◆ **ASSIGNMENT**: Go through the entries below and print each one exactly, leaving out pictures.

:: WORKING DATA ::

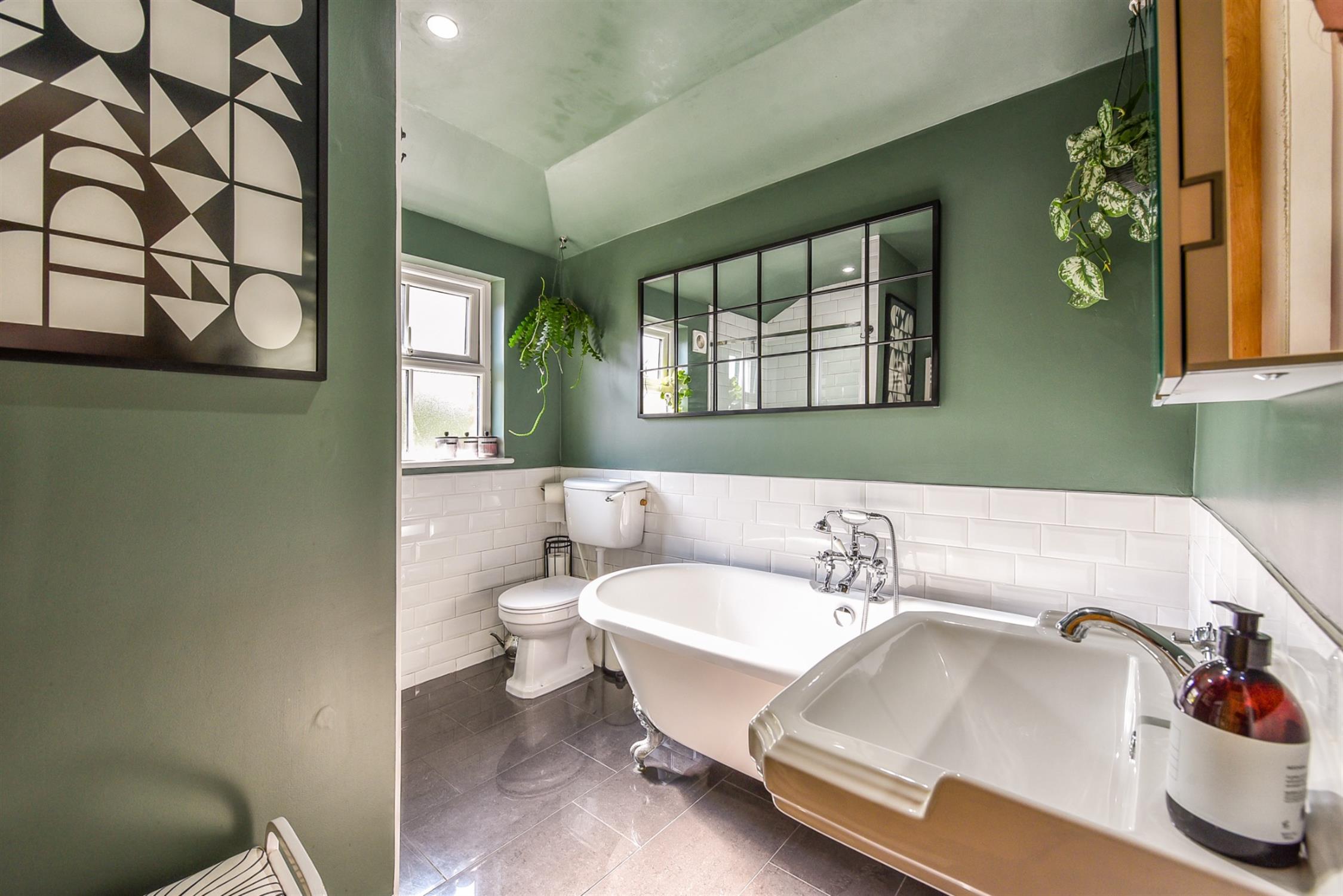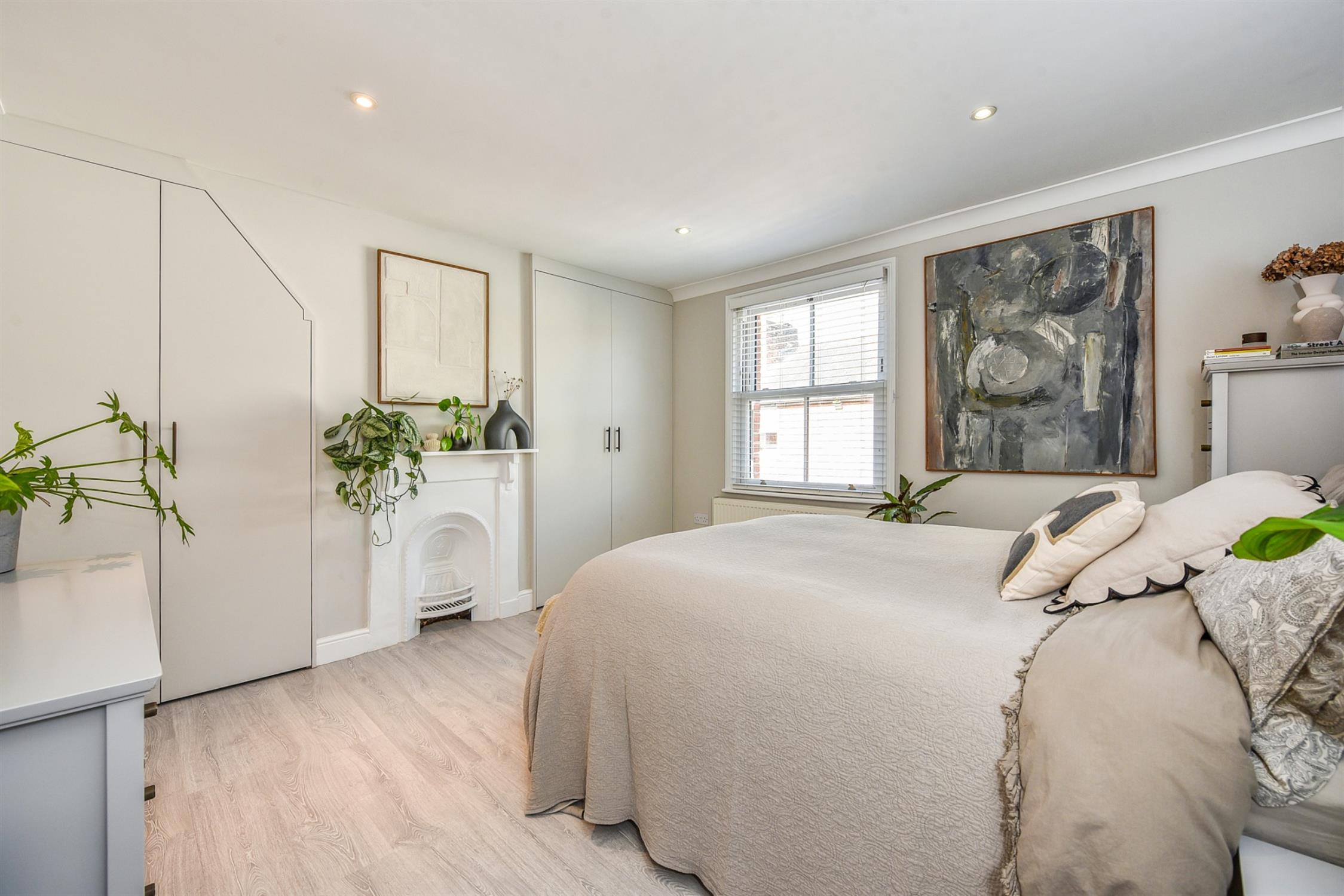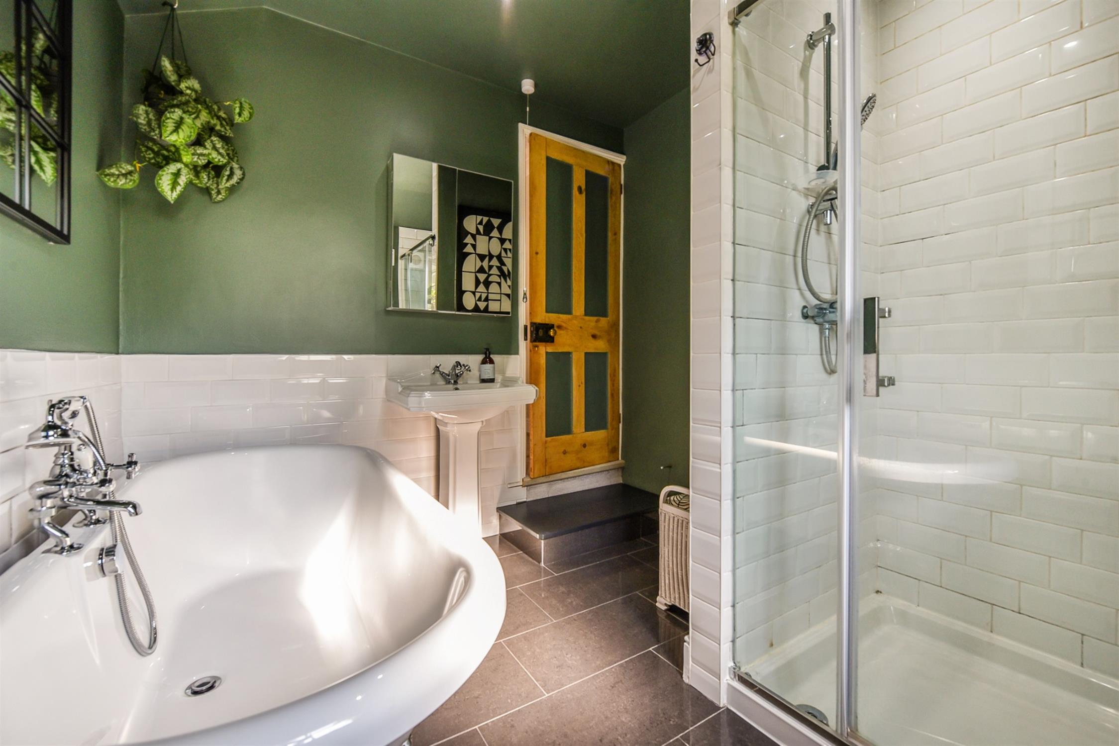Upstairs there is a bright bedroom with feature fireplace and bespoke fitted storage. The second bedroom is also a double with built in storage and attractive shelving unit. The bathroom has been fitted to a modern and contemporary style with white suite, including free standing bath and separate double shower.
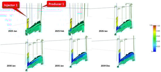 Figure 22 illustrates the variation of oil miscibility within the custom slab over the specified time frames discussed earlier. Note that the custom slab also incorporates the grid blocks where Injector 1 is perforated in the A1 reservoir, where the average oil viscosity stands at 0.76 cp towards the end of the waterflooding phase. However, these perforations are shut off, thus not contributing to the AGI process.
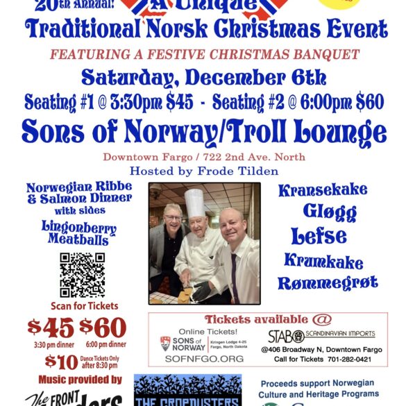 20th Annual Traditional Norsk Christmas Event: featuring a festive Christmas Banquet buffet! Including LIVE dinner music by Kyle Colby 4 –...
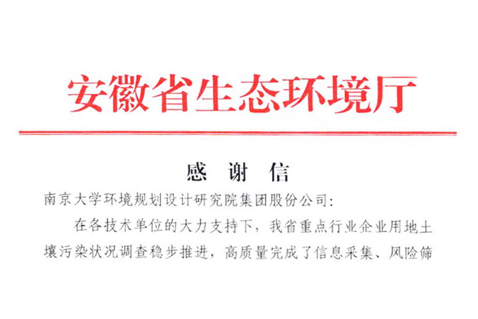 安徽省生態(tài)環(huán)境廳來函致謝張啟等14名技術(shù)專家
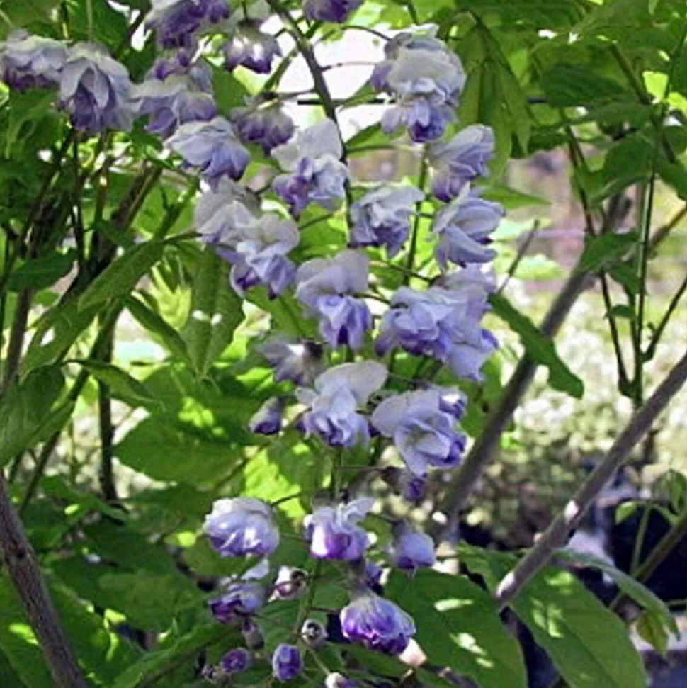 Cette variété produit des grappes de 20 à 30 cm bleus doubles. Son feuillage prend une jolie couleur jaune ocre à l’automne, agrémenté par de nombreuses gousses décoratives. Son parfum est léger.
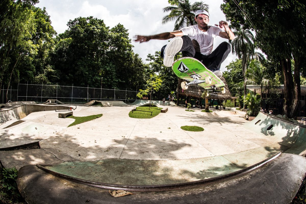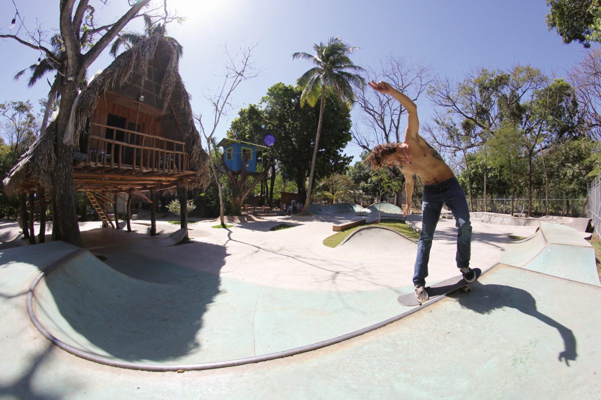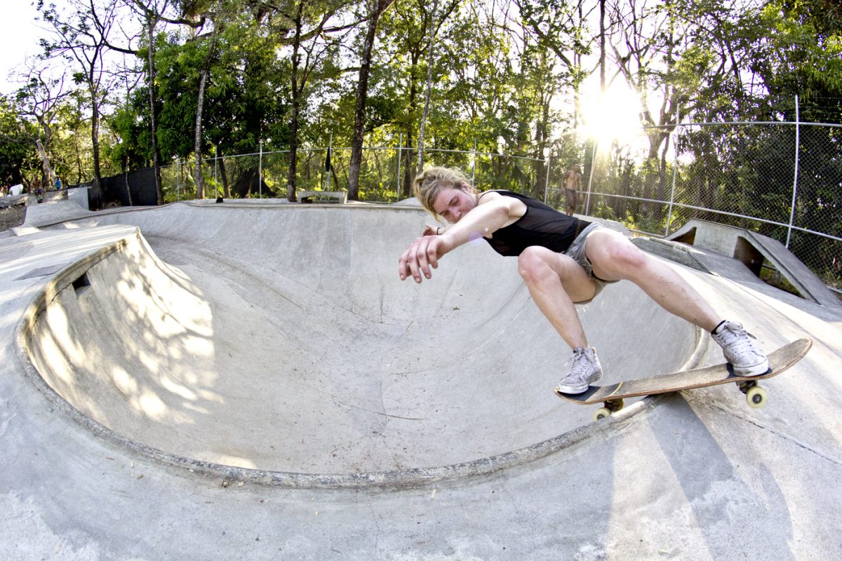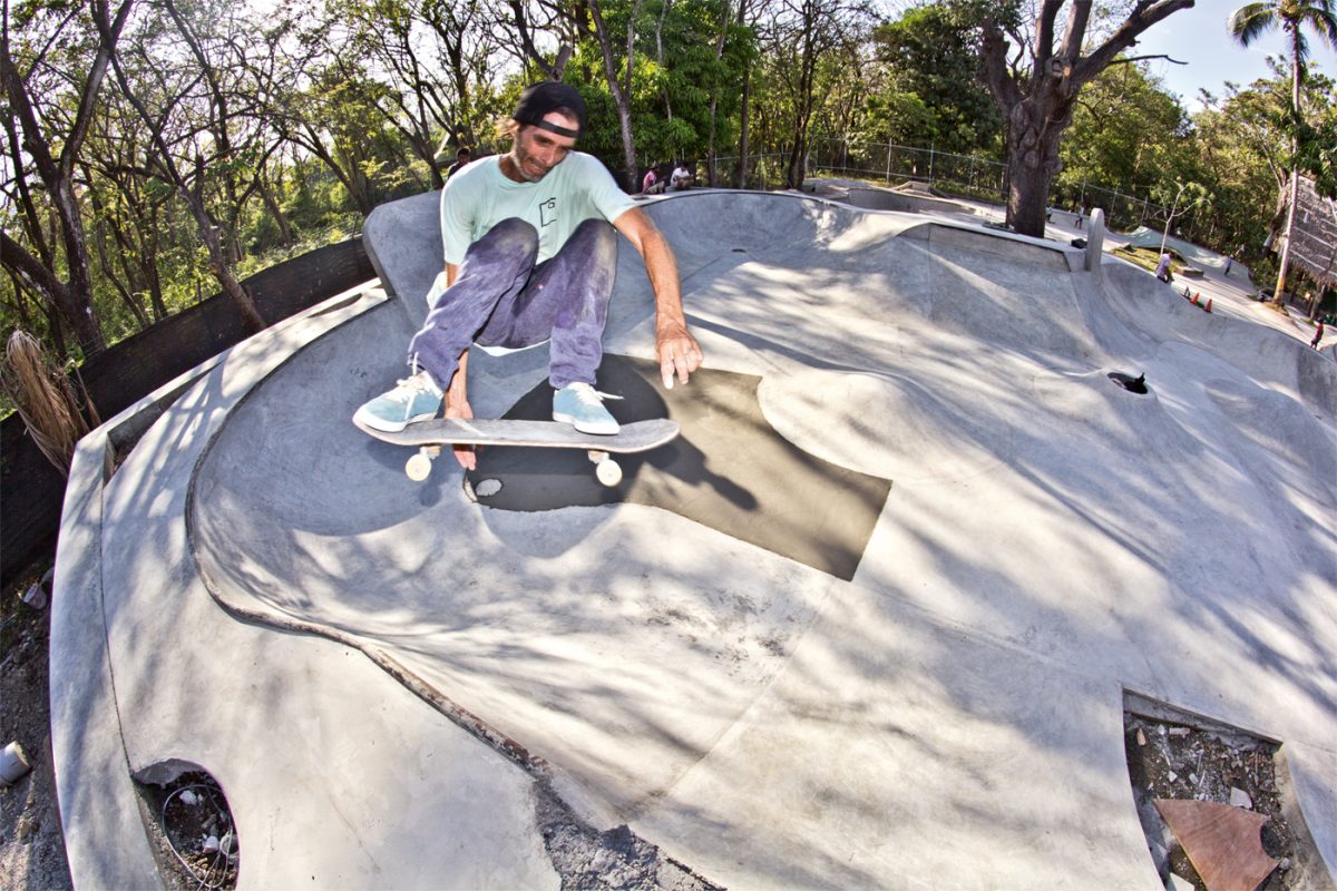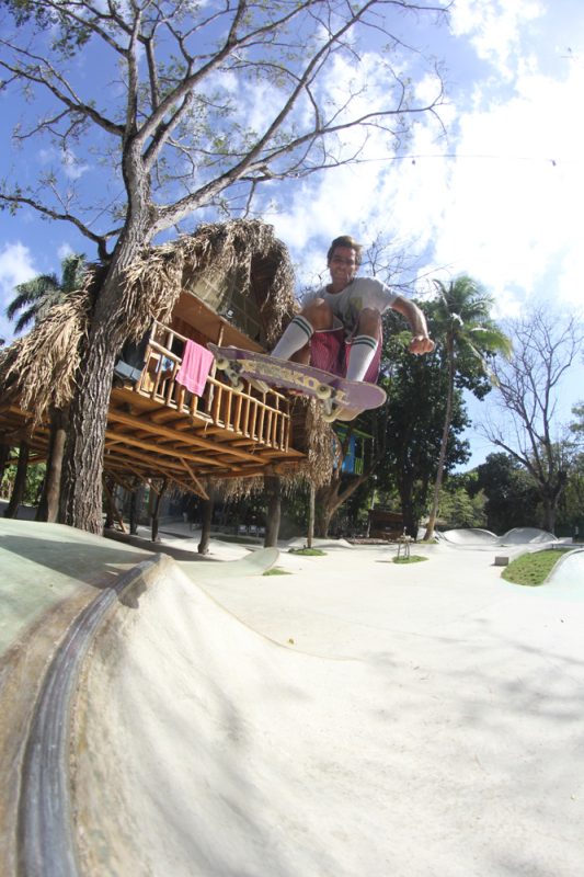 One hour away from Guiones there is El Mutante, a sick 700m2 skatepark that Kaleb Stevens and his friends built about eight years ago. It was Kaleb’s first skatepark and all D.I.Y. with five guys including Kaleb and one mixer.
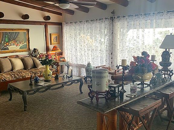 Lovely well built single level home with fabulous views of the shoreline and beyond.This home has a very desirable floor plan with many well appointed features. Vaulted hewn wood beam ceilings and bay windows are just a few of interest.Wrap around deck with private areas to sit and enjoy the gentle tropical breezes. The master bedroom suite is very large with lots of windows,walk in closet as well as additional closet storage. Luxurious master bath has jetted tub and seperate shower. Too many wonderful features to list here. Hurry and schedule an appointement today to view.
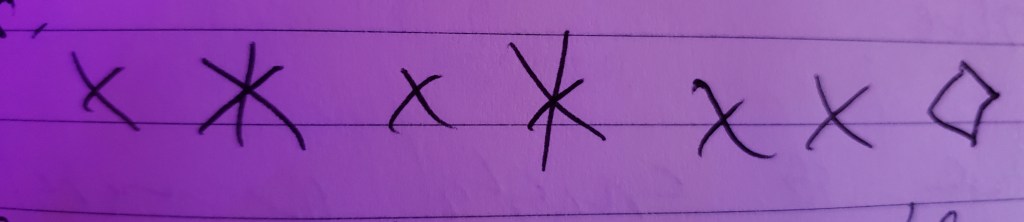 The center is riddled with little diamonds. And there is no weird imperfection anymore, as there was in the Seven. It is an intricate enough pattern that it isn’t quite recognisable as a pattern. It’s hard to sum it up, e.g. “skip two, go under one.”
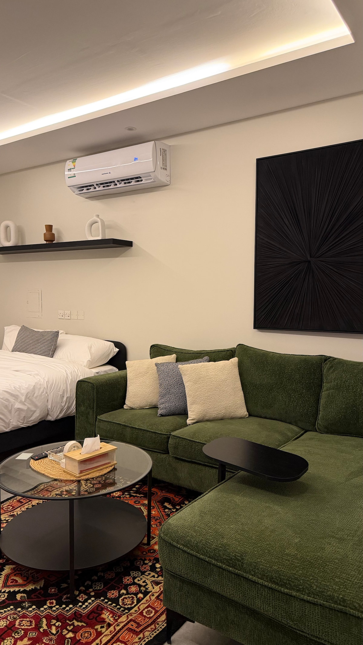Enjoy a modern stay in Riyadh’s Olaya. This stylish apartment features a private balcony with outdoor seating, a cozy bedroom with smart separation, a comfortable living area, fully equipped kitchenette, in-unit washing machine, and workspace. Just an 8-minute walk to the metro, with Al Jazirah Hypermarket right across the street. The area is vibrant and full of restaurants and cafés—perfect for food lovers and business or leisure stays.

:::

◆ **COMPLETED TASK**:
Upstairs there is a bright bedroom with feature fireplace and bespoke fitted storage. The second bedroom is also a double with built in storage and attractive shelving unit. The bathroom has been fitted to a modern and contemporary style with white suite, including free standing bath and separate double shower.
 Figure 22 illustrates the variation of oil miscibility within the custom slab over the specified time frames discussed earlier. Note that the custom slab also incorporates the grid blocks where Injector 1 is perforated in the A1 reservoir, where the average oil viscosity stands at 0.76 cp towards the end of the waterflooding phase. However, these perforations are shut off, thus not contributing to the AGI process.
 20th Annual Traditional Norsk Christmas Event: featuring a festive Christmas Banquet buffet! Including LIVE dinner music by Kyle Colby 4 –...
 安徽省生態(tài)環(huán)境廳來函致謝張啟等14名技術(shù)專家
 Cette variété produit des grappes de 20 à 30 cm bleus doubles. Son feuillage prend une jolie couleur jaune ocre à l’automne, agrémenté par de nombreuses gousses décoratives. Son parfum est léger.
 One hour away from Guiones there is El Mutante, a sick 700m2 skatepark that Kaleb Stevens and his friends built about eight years ago. It was Kaleb’s first skatepark and all D.I.Y. with five guys including Kaleb and one mixer.
 Lovely well built single level home with fabulous views of the shoreline and beyond.This home has a very desirable floor plan with many well appointed features. Vaulted hewn wood beam ceilings and bay windows are just a few of interest.Wrap around deck with private areas to sit and enjoy the gentle tropical breezes. The master bedroom suite is very large with lots of windows,walk in closet as well as additional closet storage. Luxurious master bath has jetted tub and seperate shower. Too many wonderful features to list here. Hurry and schedule an appointement today to view.
 The center is riddled with little diamonds. And there is no weird imperfection anymore, as there was in the Seven. It is an intricate enough pattern that it isn’t quite recognisable as a pattern. It’s hard to sum it up, e.g. “skip two, go under one.”
Enjoy a modern stay in Riyadh’s Olaya. This stylish apartment features a private balcony with outdoor seating, a cozy bedroom with smart separation, a comfortable living area, fully equipped kitchenette, in-unit washing machine, and workspace. Just an 8-minute walk to the metro, with Al Jazirah Hypermarket right across the street. The area is vibrant and full of restaurants and cafés—perfect for food lovers and business or leisure stays.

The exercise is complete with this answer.